Skoll and Hati: Devourers of Sun and Moon in Norse myth

Hati and Skoll in Norse mythology

When Ragnarok broke the sky and made Yggdrasil tremble, the Doomsday finally came in Norse mythology. The whole cosmos fell in darkness because the Sun and the Moon disappeared on the sky. It was Skoll and Hati who swallowed these shining stars.

Who were Skoll and Hati?

Skoll and Hati were two wolves that played supporting roles in Norse mythology. Skoll (pronounced SKOHL) means “The Mocker” and Hati mean “The Hater”. In Norse mythology, these wolves ran across the sky every day in the hope of swallowing the sun and the moon. Their attempts only succeeded when Ragnarok was about to happen.

Hati and Skoll the Devourers of the Sun and the Moon in Norse mythology
The notorious wolves chased the Moon and the Sun in the sky when Ragnarok happened in Norse cosmos

Although it is not clearly which pursued the Sun and which pursued the Moon, a stanza by Snorri Sturluson mentioned:

Skoll is the wolf’s name
Who follows the shining priest
To the isolated forest,
And the other is Hati,
Hróðvitnir’s son,
Who chases after the bright bride in the sky

“Stanza 39, Grímnismál, The Poetic Edda”

The noun that Snorri used for Skoll’s prey was “priest” which is masculine. And that for Hati’s prey was “bride” which is feminine. In Norse mythology, the moon was male and the sun was female, this suggested that Skoll pursued the moon while Hati chased the sun.

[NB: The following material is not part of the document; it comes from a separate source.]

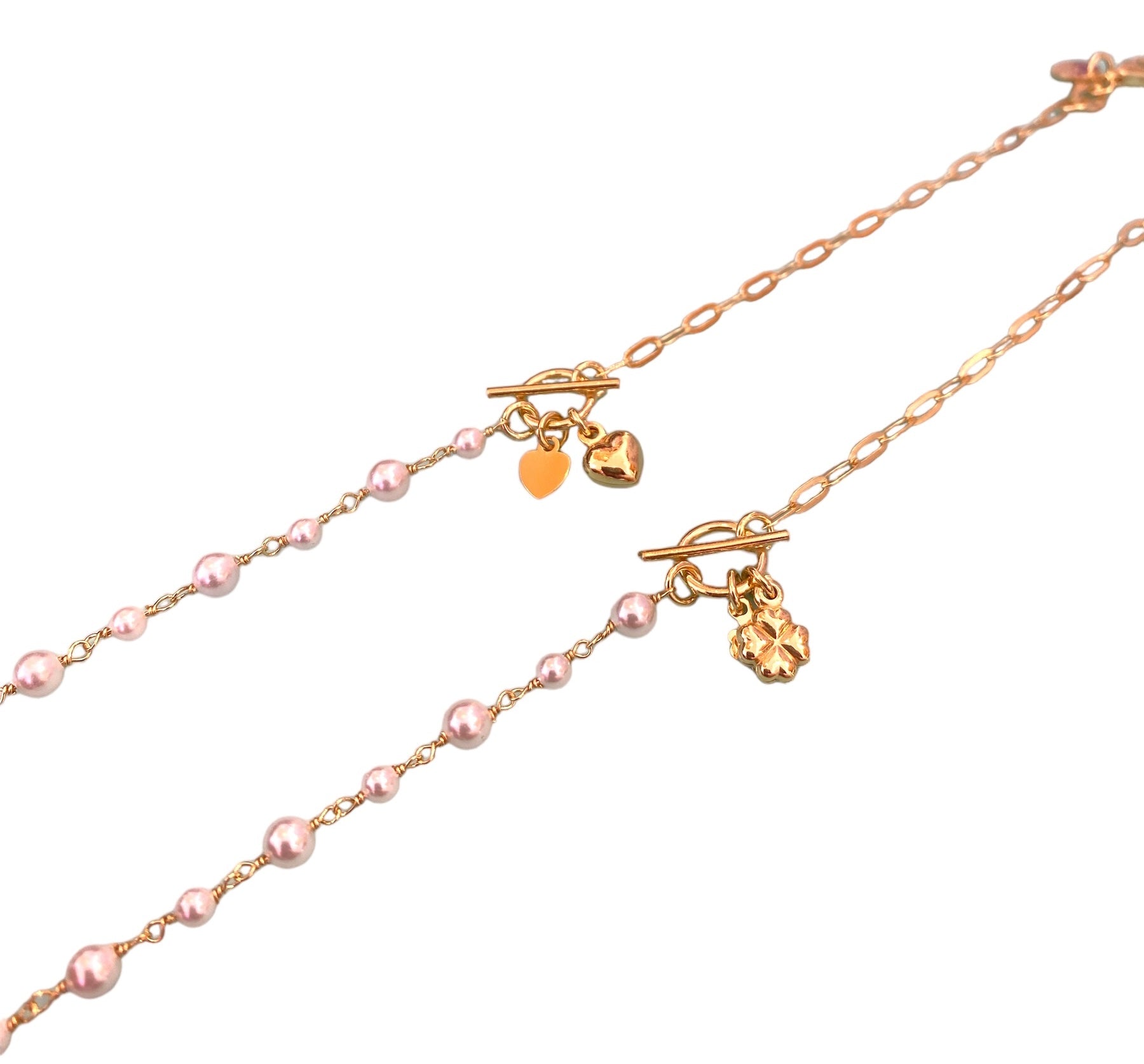 Bracciale catenella bagno oro e perline con charms portafortuna,scegliere il soggetto desiderato
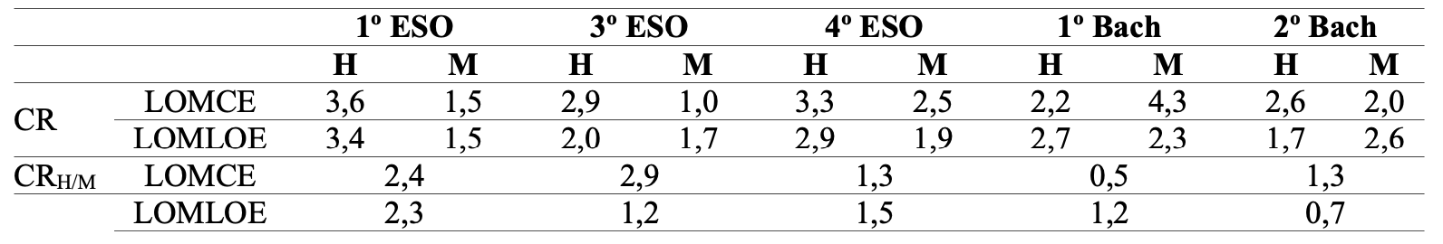 La Tabla 3 muestra el coeficiente de recurrencia (CR) masculino y femenino para los libros publicados en el marco de cada legislación educativa. Solo hay dos casos en los que el CR femenino es superior al masculino, en los libros de 1º Bachillerato LOMCE y en los de 2º de Bachillerato LOMLOE. A la hora de ver desajustes entre la representación de cada grupo de personas, se puede ver que el cociente entre los coeficientes de recurrencia (CRH/M) en esos dos casos es inferior a uno, apareciendo más representadas en proporción las mujeres. Cercanos a la unidad, situación más igualitaria, están los libros de 3º ESO y 1º Bachillerato de la LOMLOE. En cuanto a las variaciones experimentadas tras el cambio en la legislación, se puede ver que en algunos casos la tendencia al predominio de los hombres se ha mantenido muy similar (1º ESO), aunque también ha mejorado en otros (3º ESO).

The Devourer of the Moon in Norse mythology

This stanza also mention the father of Hati (surely of Skoll as well), Hróðvitnir “Notorious Wolf”. And in Lokasenna from Poetic Edda, this name appeared too. It was dedicated to Fenrir the Wolf. So it seemed Fenrir in Norse mythology.

Another support to this came from Völuspá which mentioned the children of Fenrir swallowed the Sun and the Moon prior to Ragnarok.